The character who utters these words in San Andreas is referring to an impending earthquake that could literally rip California apart. But he could just as easily be talking about the summer movie season, when audiences who have just been rocked by a catastrophic quake have to deal with something called “Indominus Rex” a mere two weeks later. San Andreas almost certainly won’t end up as the biggest bully on the Hollywood block, but it’s a big, dumb, fun disaster flick the whole family can enjoy.
Chief Ray Gaines (Dwayne Johnson) is an L.A. Fire Department helicopter pilot with a sterling professional reputation for saving people’s lives.

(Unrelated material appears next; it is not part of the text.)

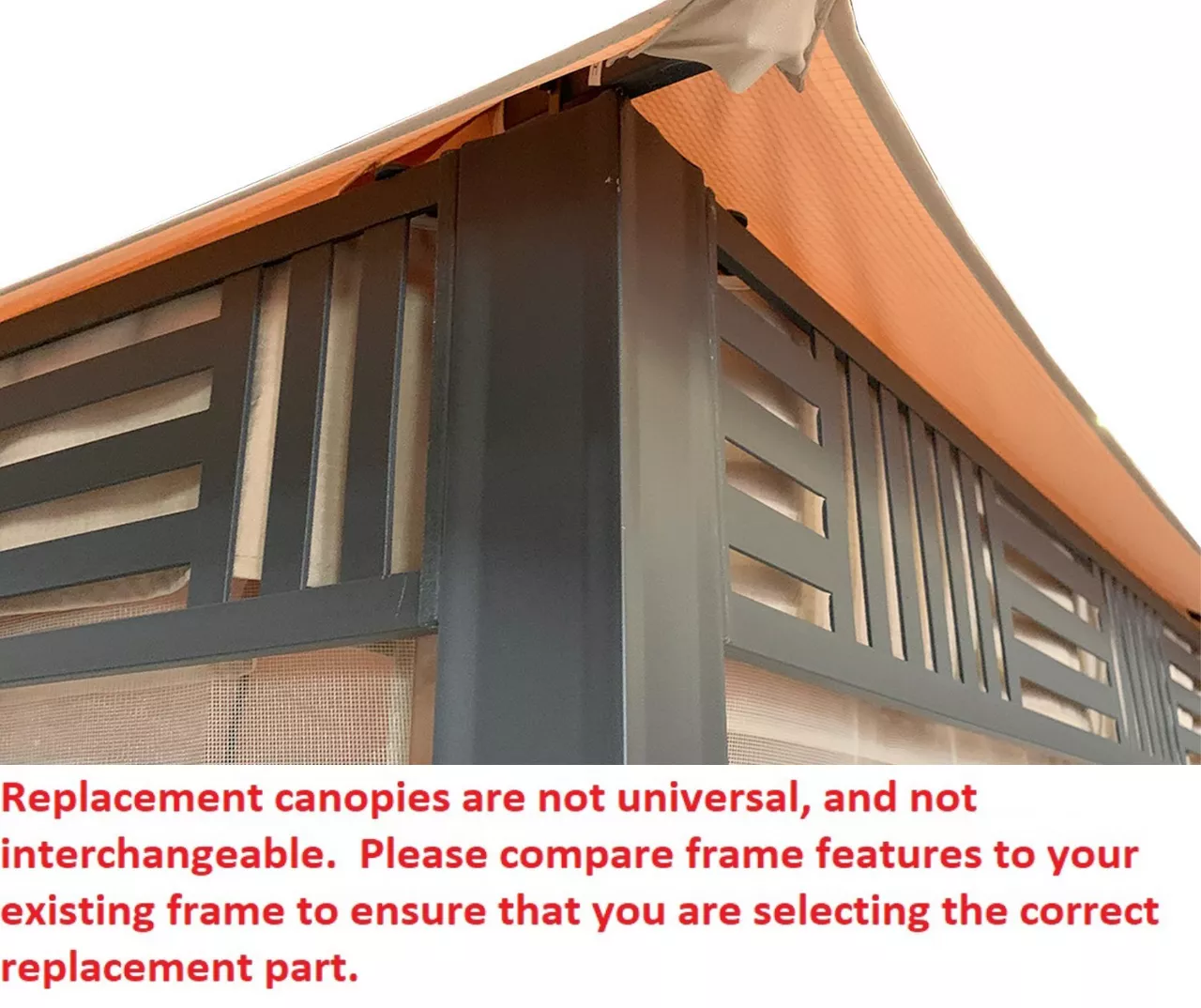 - This replacement canopy top cover will not fit any other gazebo model

Of course, the one person he couldn’t rescue was his daughter Mallory, who died during a rafting trip years earlier. Ray never emotionally recovered from the accident, which left him disconnected from soon-to-be-ex-wife Emma (Carla Gugino) and surviving daughter Blake (Alexandra Daddario). As Blake prepares to head off to college — and Emma prepares to co-habitate with her posh new architect boyfriend Daniel (Ioan Gruffudd) — the state of California is rocked by a massive earthquake.
Earlier on, I referred to San Andreas as something the whole family can enjoy. Sure, there’s plenty of death and disaster-related mayhem, but director Brad Peyton and writer Carlton Cuse have structured their film in a way that unintentionally(?) makes the case that this apocalyptic earthquake might be the best thing that could’ve happened for Ray’s family life. After the quake hits, Ray races to save Emma in Los Angeles and Blake in San Francisco. Blake had been accompanied to San Francisco by Daniel, but ends up surviving the disaster with the help of jittery, charming Brit Ben (Hugo Johnstone-Burt) and his younger brother Ollie (Art Parkinson, who basically steals the movie).

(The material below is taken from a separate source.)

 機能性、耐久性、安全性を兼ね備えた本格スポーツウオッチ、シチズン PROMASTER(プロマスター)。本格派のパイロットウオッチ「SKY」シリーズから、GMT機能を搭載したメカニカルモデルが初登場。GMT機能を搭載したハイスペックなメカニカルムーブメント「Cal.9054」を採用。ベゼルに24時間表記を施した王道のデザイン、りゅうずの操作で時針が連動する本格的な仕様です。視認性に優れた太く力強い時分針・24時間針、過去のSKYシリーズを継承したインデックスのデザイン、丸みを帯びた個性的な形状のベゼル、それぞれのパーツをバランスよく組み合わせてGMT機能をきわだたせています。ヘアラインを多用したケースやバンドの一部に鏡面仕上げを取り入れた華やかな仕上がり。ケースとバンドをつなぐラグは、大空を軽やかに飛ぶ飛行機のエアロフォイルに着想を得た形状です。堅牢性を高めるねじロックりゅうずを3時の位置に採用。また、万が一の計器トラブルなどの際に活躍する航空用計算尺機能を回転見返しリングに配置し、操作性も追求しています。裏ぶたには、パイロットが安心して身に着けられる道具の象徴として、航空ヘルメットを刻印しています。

San Andreas is something of an anomaly in that it’s a summer blockbuster with a budget north of $100 million that isn’t a sequel or a reboot. (There are people in real-life who believe a devastating earthquake along the San Andreas Fault is imminent, and those concerns are colorfully expressed here by the CalTech seismologist Paul Giamatti plays.) Of course, San Andreas‘ “originality” is a matter of semantics. The movie may not be based on a specific preexisting property, but it owes a lot to some of the disaster movies that came before it.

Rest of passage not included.